На пути к Н. А. Некрасову
1
В стихотворении «О Муза! я у двери гроба!..» умирающий Некрасов писал:
Не русский – взглянет без любви
На эту бледную, в крови,
Кнутом иссеченную Музу…
«Ты любишь несчастного, русский народ! Страдания нас породнили», – скажет в конце своего подвижнического, крестного пути в Сибирь некрасовская героиня, княгиня Волконская. Среди русских поэтов и писателей Некрасов наиболее глубоко почувствовал и выразил одухотворенную красоту страдания, его очищающую и просветляющую человека высоту.

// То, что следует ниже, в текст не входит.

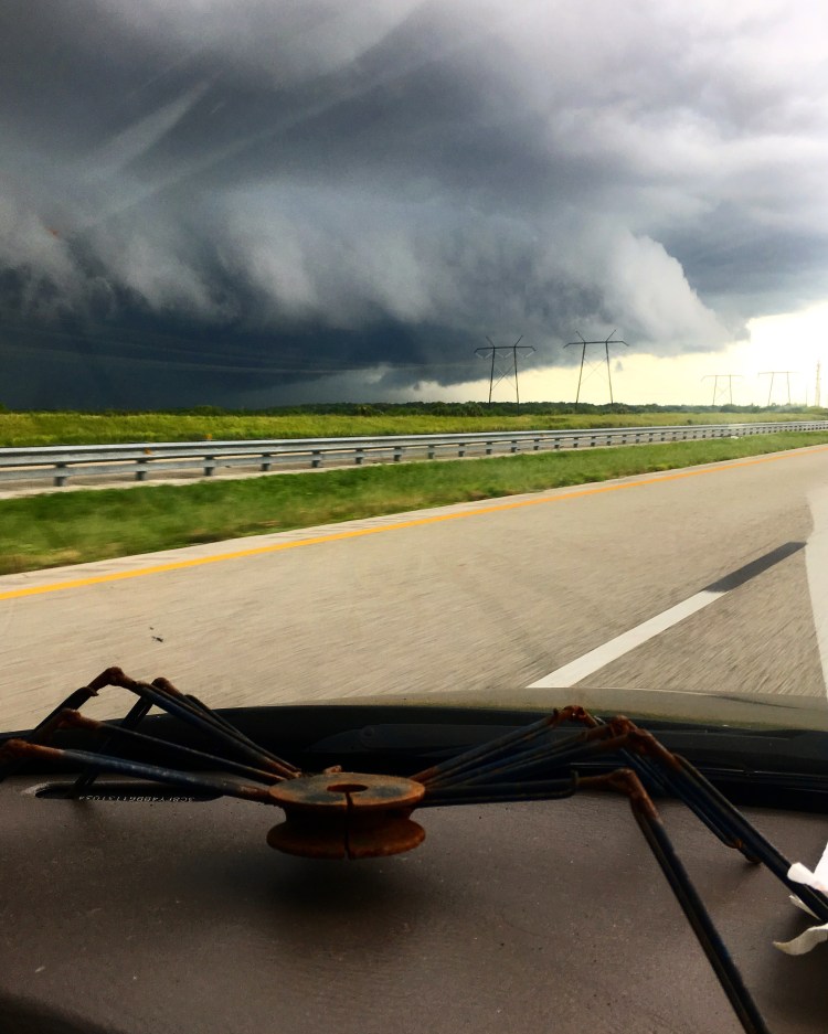 Well now. That looks ominous. Don’t worry, it wasn’t the leading edge or the eye wall (if I hear the phrase “the stadium effect” one more time I’m going down to Miami and punch Mr. Cantore in the nose) of a hurricane or rain band, that’s just a regular old shelf cloud last Sunday.

В скорбный день кончины Некрасова Достоевский, писатель из чуждого вроде бы стана, не мог уже работать, а взял с полки все три тома его поэзии, стал читать и… просидел всю ночь. «В эту ночь, – говорил Достоевский, – я буквально в первый раз дал себе отчет, как много Некрасов-поэт занимал места в моей жизни… Мне дорого, очень дорого, что он „печальник народного горя“ и что он так много и страстно говорил о горе народном, но еще дороже для меня в нем то, что в великие, мучительные и восторженные моменты своей жизни он, несмотря на все противоположные влияния и даже на собственные убеждения свои, преклонялся перед народной правдой всем существом своим, о чем и засвидетельствовал в лучших своих изданиях… Он болел о страданиях его всей душой, но видел в нем не один лишь униженный рабством образ, но мог силой любви своей постичь почти бессознательно и красоту народную, и силу его, и ум его, и страдальческую кротость его, и даже частию уверовать в будущее назначение его».

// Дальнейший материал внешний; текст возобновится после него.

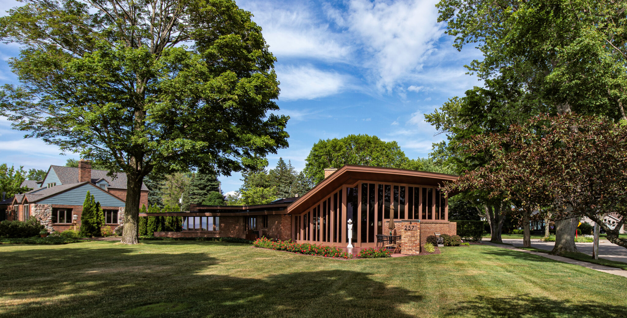 exterior images of frank lloyd wright’s doctor ina m. harper house (1950-51), located at 2571 old lake shore drive, st. joesph, mi.

Некрасов – поэт сокровенных основ отечественной духовности. Первые наши святые, князья Борис и Глеб, канонизированы в лике праведников, претерпевших незаслуженные смертные муки от рук их коварного старшего брата Святополка. Страстотерпцы наиболее ярко представляют идеал нашей святости. У Некрасова высшей добродетелью отличается в народе тот, «кто все терпит во имя Христа». Вместе с народом русским Некрасов очень рано понял и глубоко почувствовал, что на этой земле веселие и радость – залетные гости, а скорби и труды – неизменные спутники. Некрасов знал и глубоко ценил тернистые пути, видел в них источник высокой духовности, залог человеческого спасения: «В рабстве спасенное Сердце свободное – Золото, золото, Сердце народное!»

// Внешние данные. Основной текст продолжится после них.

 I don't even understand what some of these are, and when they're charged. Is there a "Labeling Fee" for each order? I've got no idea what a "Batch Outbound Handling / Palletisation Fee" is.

Достоевский тонко почувствовал трепетный нерв, бьющийся в глубине поэтического сердца Некрасова. Радость и красота его поэзии в художественной правде вечных христианских истин: не пострадавший – не спасется, не претерпевший скорбей и печалей – не обретет мира в душе. Любовь к страданию и состраданию, вера в спасительную силу этих божественных даров в душе смертного человека являются идеалом, к вершинам которого устремлены творческие порывы национального поэта. «Прочтите эти страдальческие песни сами, – взывал Достоевский. – И пусть оживет наш любимый, страстный поэт. Страстный к страданию поэт!»